I don't quite get it. Why would any defendant who actually wanted to arbitrate go ahead and litigate for 17 months before filing a motion to compel arbitration? Well, here it is, Martin v. Yasuda (9th Cir 07/21/2016).
Class action plaintiffs are cosmetology students. In case you didn't know, it's standard practice that these students perform a vast number of services for the benefit of their school, for which they are paid nothing. So they sued claiming violation of California statutes and the Fair Labor Standards Act, saying they should have been paid wages, overtime, etc.
Defendants filed a motion to compel arbitration. The trial court said "no," the 9th Circuit affirmed. Why? Defendants waived their right to arbitrate by litigation conduct, which prejudiced the plaintiffs.
Here, the defendants engaged in conduct inconsistent with their right to arbitrate. They spent seventeen months litigating the case. This included devoting “considerable time and effort” to a joint stipulation structuring the litigation, filing a motion to dismiss on a key merits issue, entering into a protective order, answering discovery, and preparing for and conducting a deposition.
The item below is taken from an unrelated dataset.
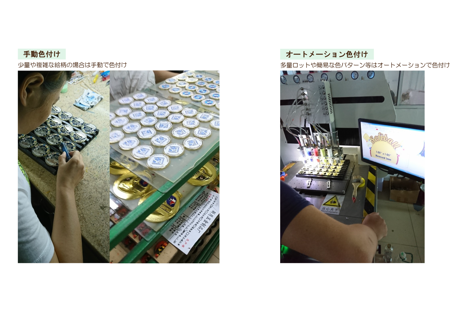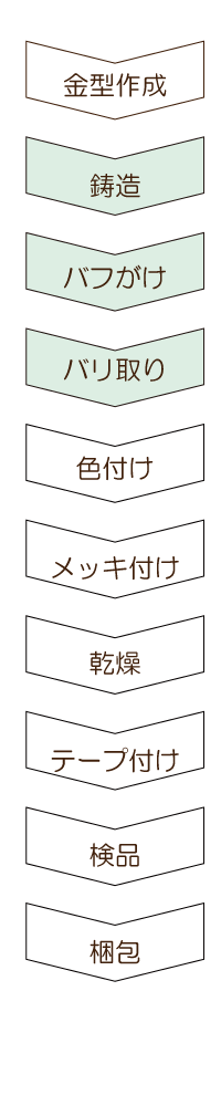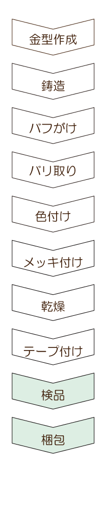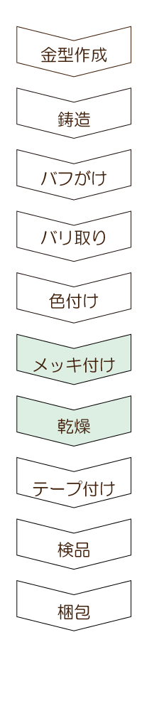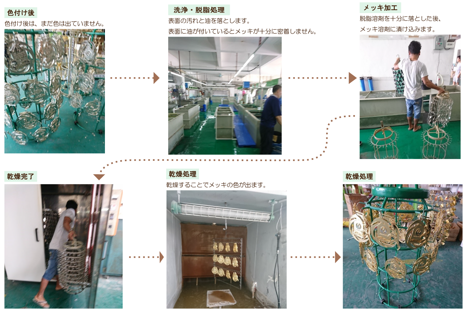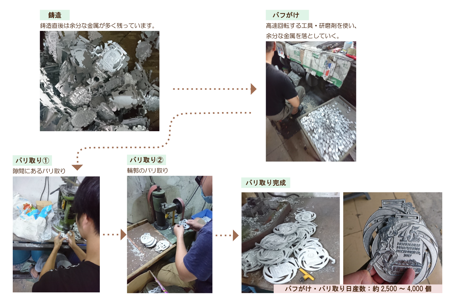 ~ オリジナルメダル ご納品までの流れ ~ 1. 案件内容をヒアリングさせて頂き、クライアント様のニーズを把握。 2. クライアント様のニーズに合致する商品のお見積り、商品サンプル、デザインイメージのご提案。 3. 弊社提携の中国工場にて生産。縫製品から成形物まで幅広く、オリジナル対応が可能です。 4. 通常は工場内にて検品(検針)を行いますが、ご希望によって弊社提携の第三者機関検品対応も可能です。 5. 国内での検品、各種アッセンブリ対応も可能です。お気軽にお問い合わせください。 中国工場にて生産 所在地:中国広東省中三市(メッキ加工は中国全土で一番の技術力と規模) 工場は各工程に分かれており、約20km内にある4工場をしようして完成

The defendants did not even note their right to arbitration until almost a year into the litigation and did not move to enforce that right until well after that time. Indeed, fourteen months into the litigation, they told the district judge and opposing counsel that they were likely “better off” in federal court. We agree with the district court that the totality of these actions satisfies this element.
Oh, and this was prejudicial to the plaintiffs.
In closing, the 9th Circuit said:
Here, we reject the defendants’ attempt to manipulate the judicial and arbitral systems and to gain an unfair advantage by virtue of their litigation conduct. Accordingly, they have waived their right to compel arbitration.